TASK STATEMENT: Repeat exactly the lines of the material below that run from the "Italian. Signed. Approx." line to the "リビングやソファ前、デスク下" line, including both, and do not carry over any pictures.

(EXERCISE INPUT)

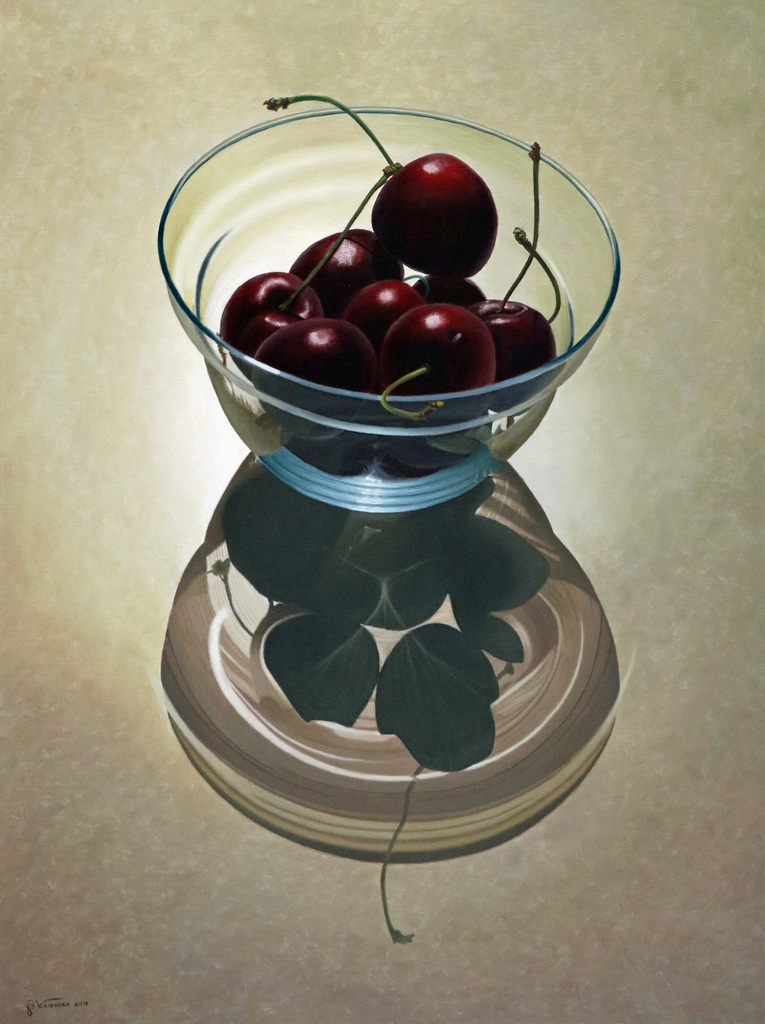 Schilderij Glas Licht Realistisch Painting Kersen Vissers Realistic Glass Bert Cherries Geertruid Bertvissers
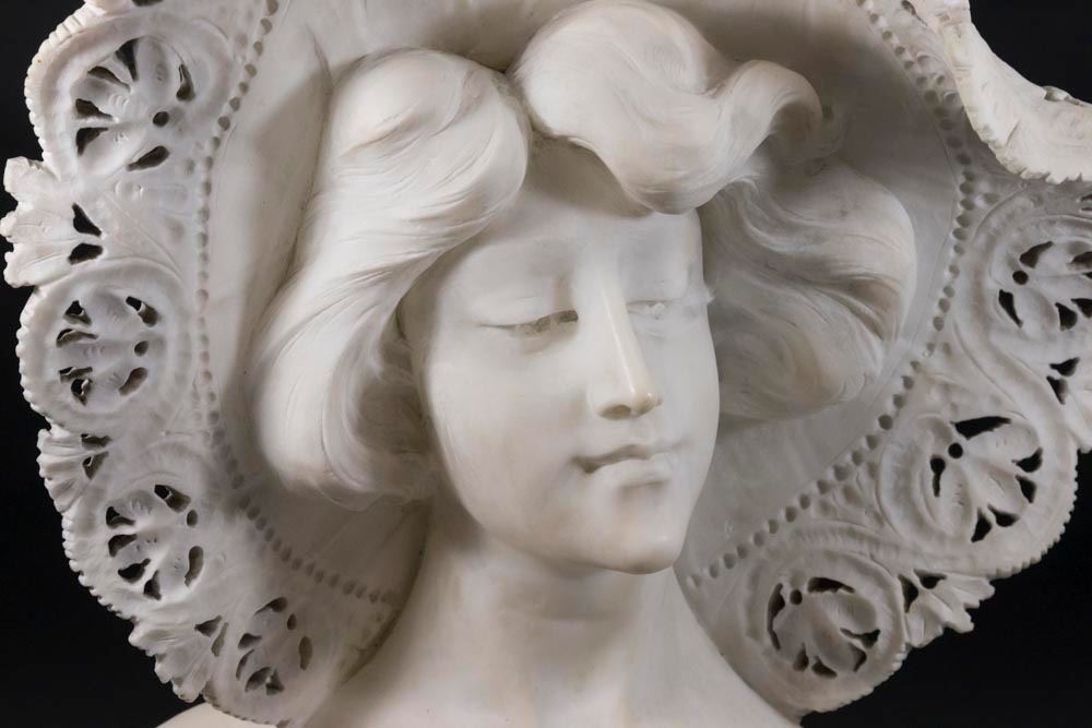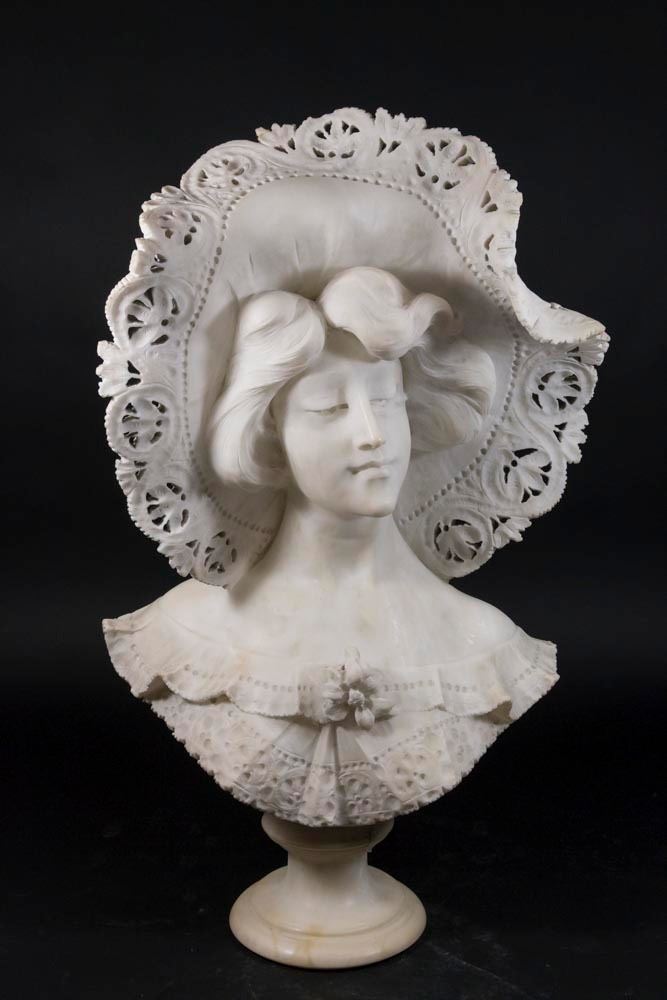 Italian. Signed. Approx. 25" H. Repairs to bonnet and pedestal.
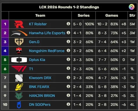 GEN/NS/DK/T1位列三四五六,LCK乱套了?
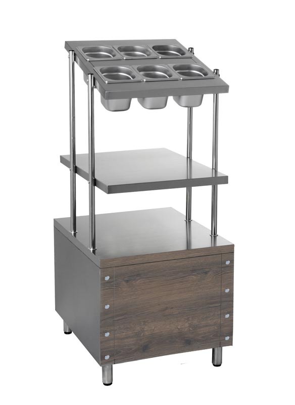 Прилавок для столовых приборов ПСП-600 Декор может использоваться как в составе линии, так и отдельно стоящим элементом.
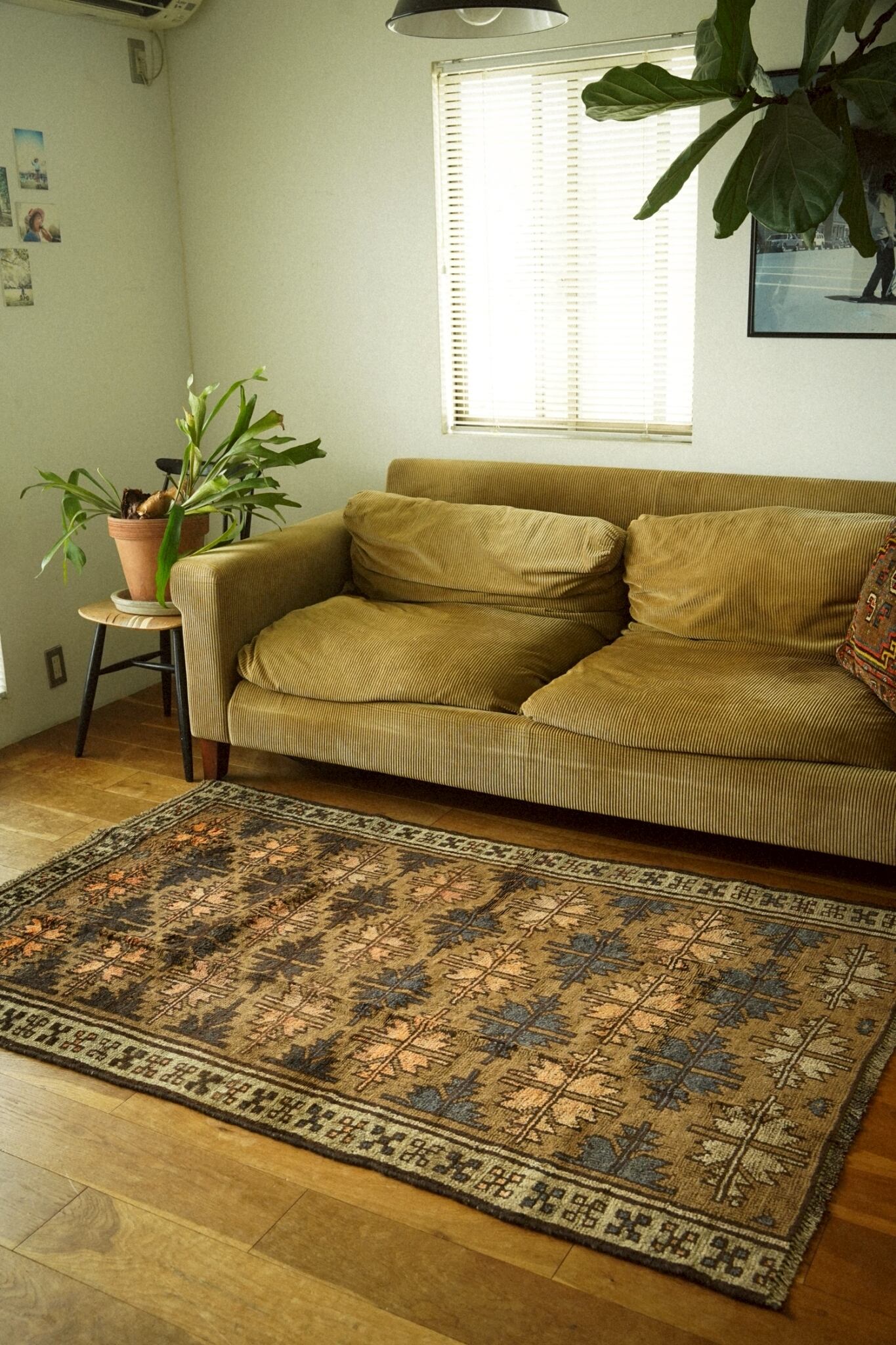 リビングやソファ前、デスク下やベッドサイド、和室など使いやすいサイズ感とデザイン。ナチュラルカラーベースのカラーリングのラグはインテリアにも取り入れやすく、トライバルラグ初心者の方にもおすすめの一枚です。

(End EXERCISE INPUT)
(EXERCISE INPUT)

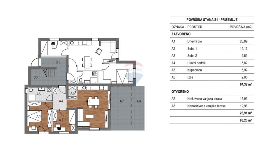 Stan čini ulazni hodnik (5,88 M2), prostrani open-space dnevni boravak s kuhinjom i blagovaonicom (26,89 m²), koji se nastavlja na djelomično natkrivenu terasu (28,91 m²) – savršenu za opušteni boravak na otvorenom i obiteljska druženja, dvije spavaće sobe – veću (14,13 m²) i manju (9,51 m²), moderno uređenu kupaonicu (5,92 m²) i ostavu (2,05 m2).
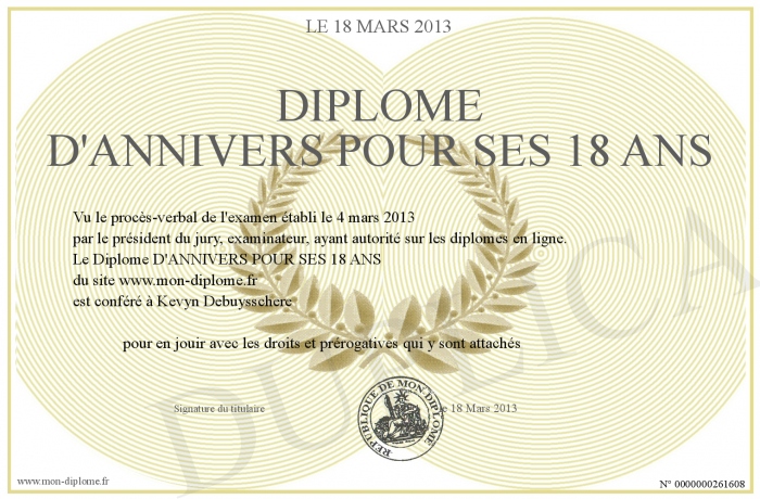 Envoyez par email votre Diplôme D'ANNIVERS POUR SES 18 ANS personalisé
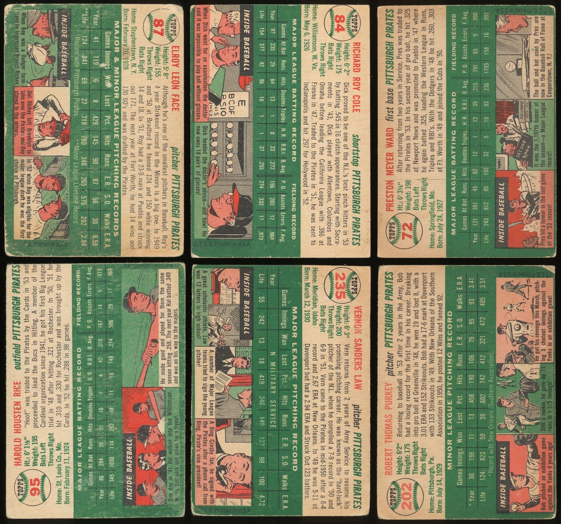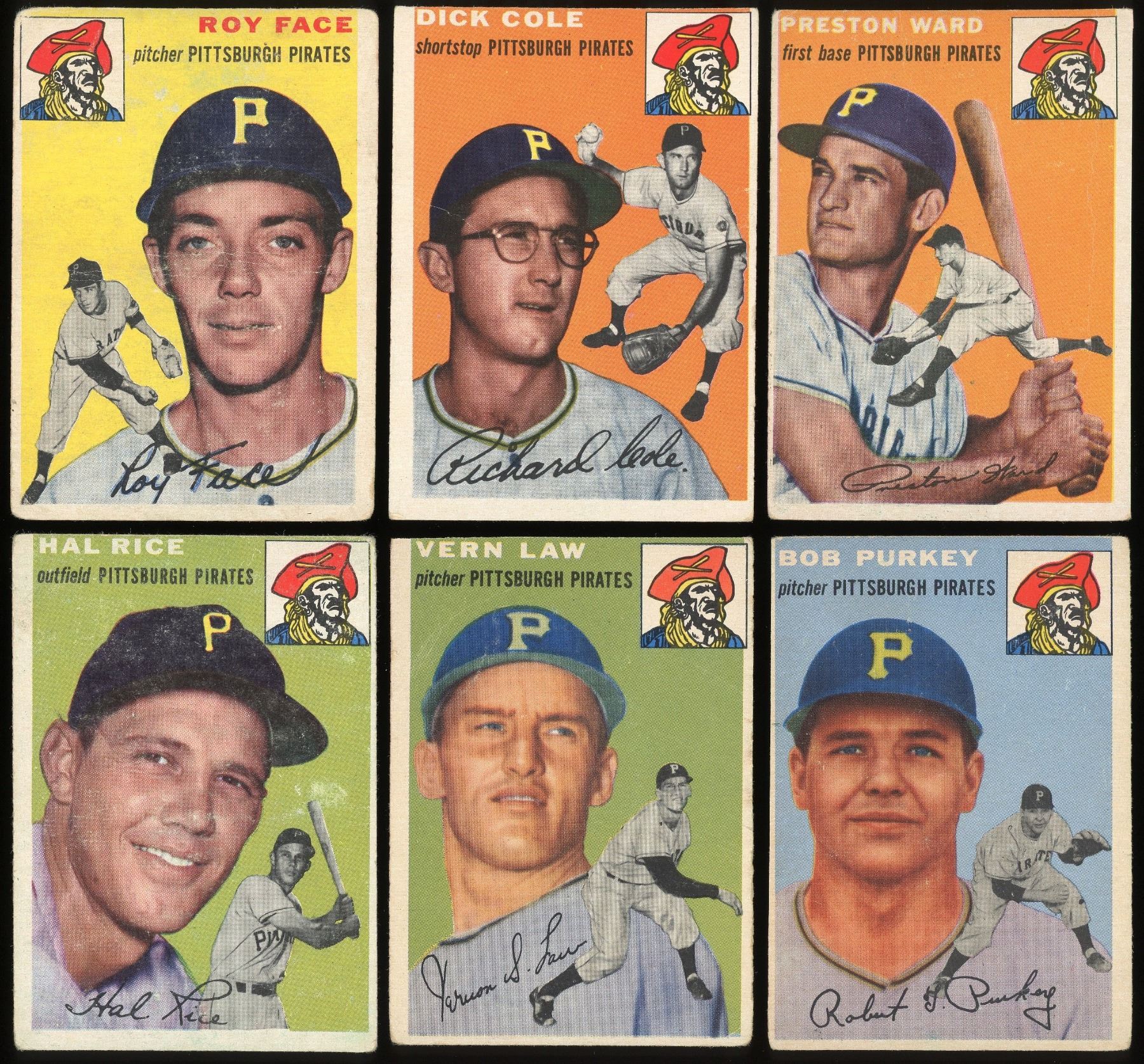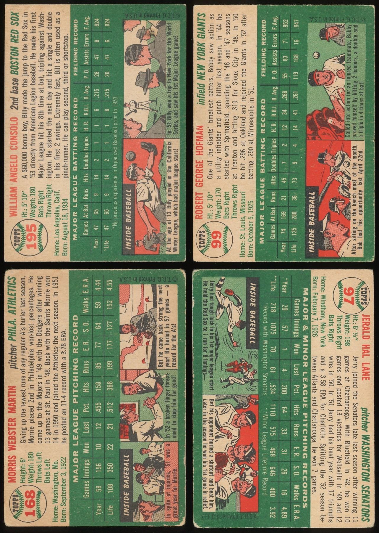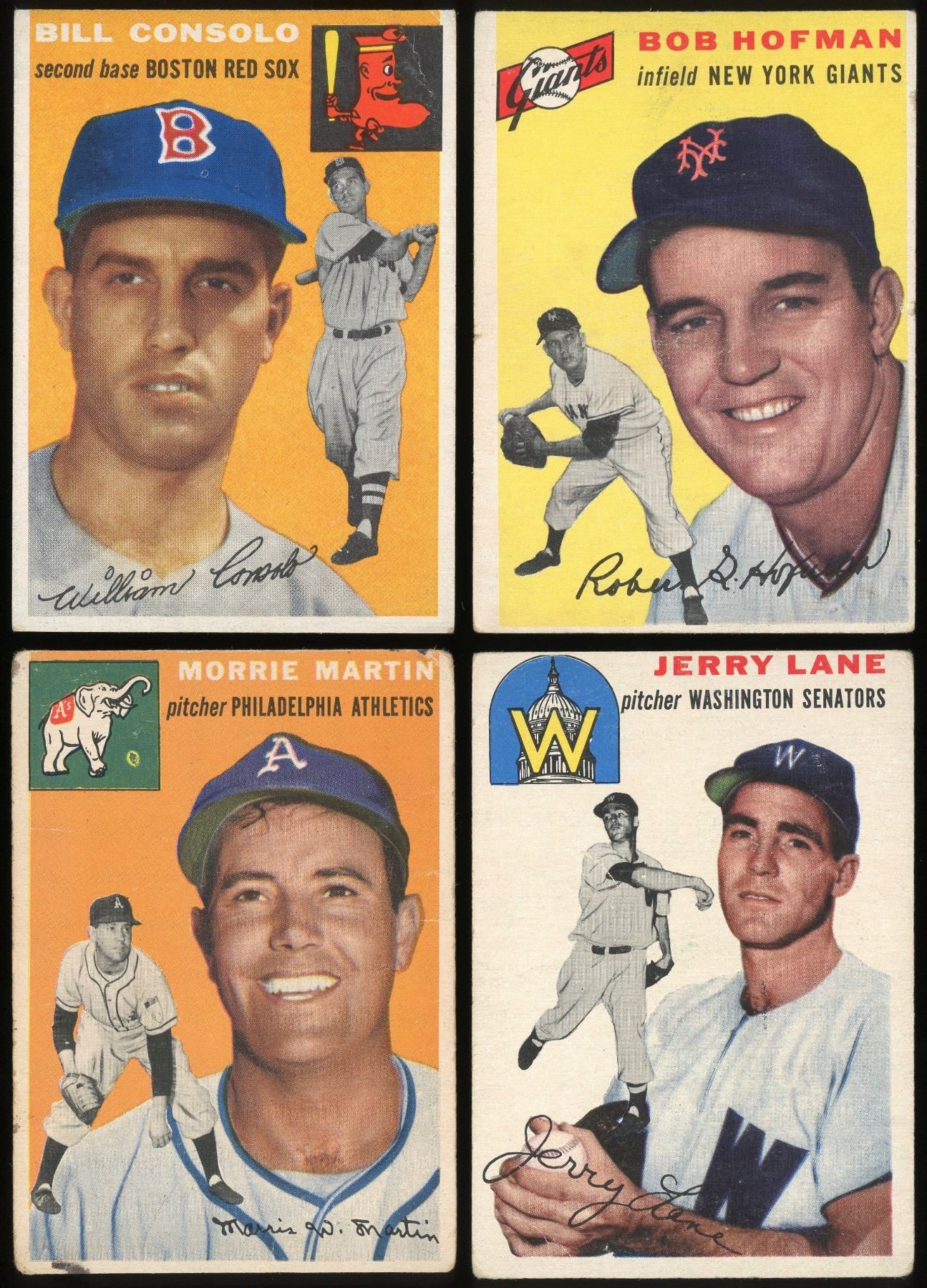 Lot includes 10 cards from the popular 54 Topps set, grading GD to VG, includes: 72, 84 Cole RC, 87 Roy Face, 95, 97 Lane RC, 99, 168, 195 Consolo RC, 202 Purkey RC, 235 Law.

(End EXERCISE INPUT)
(EXERCISE INPUT)

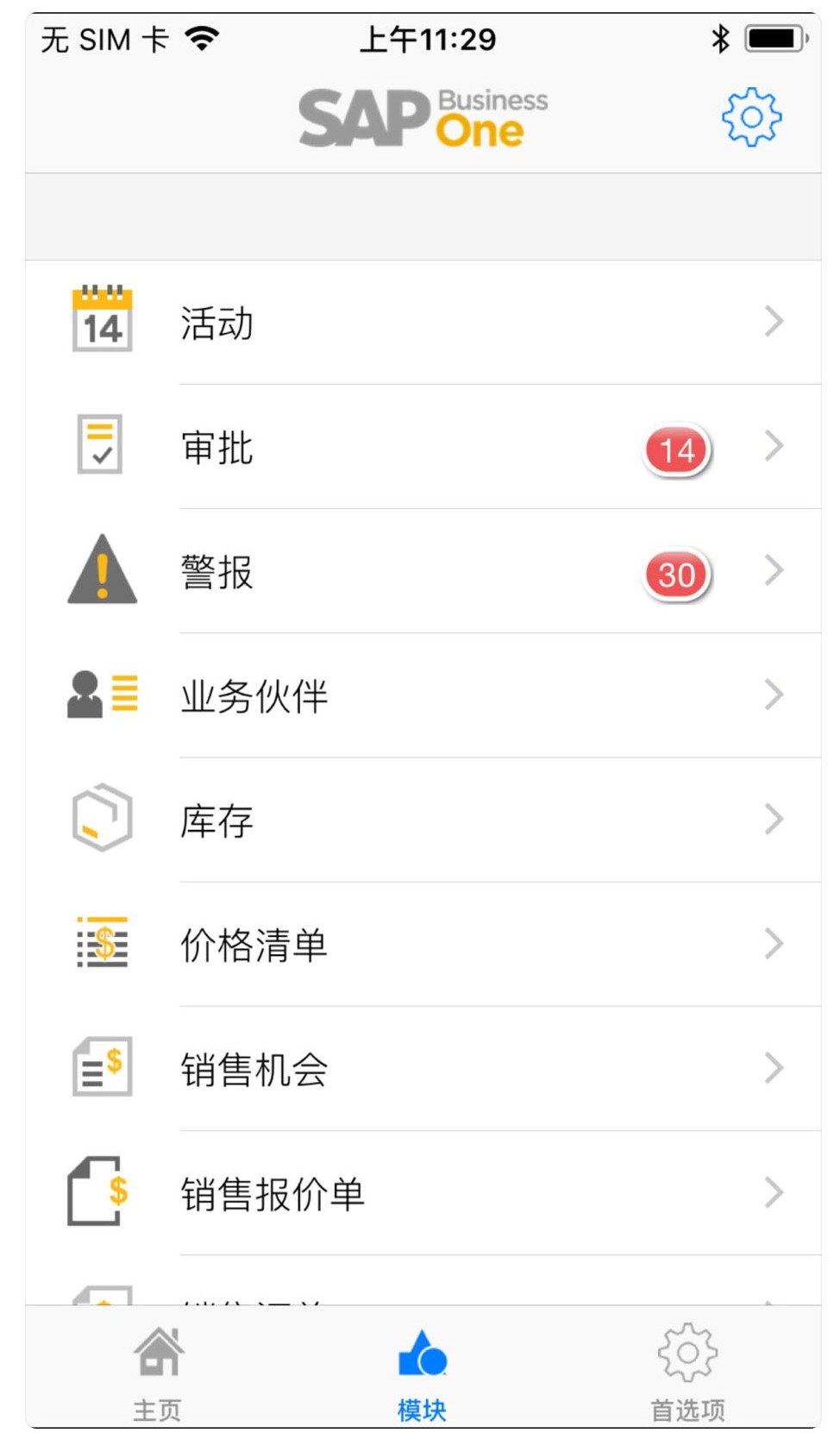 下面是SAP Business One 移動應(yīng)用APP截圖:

(End EXERCISE INPUT)

OUTPUT FOR THIS TASK:
 Italian. Signed. Approx. 25" H. Repairs to bonnet and pedestal.
 GEN/NS/DK/T1位列三四五六,LCK乱套了?
 Прилавок для столовых приборов ПСП-600 Декор может использоваться как в составе линии, так и отдельно стоящим элементом.
 リビングやソファ前、デスク下やベッドサイド、和室など使いやすいサイズ感とデザイン。ナチュラルカラーベースのカラーリングのラグはインテリアにも取り入れやすく、トライバルラグ初心者の方にもおすすめの一枚です。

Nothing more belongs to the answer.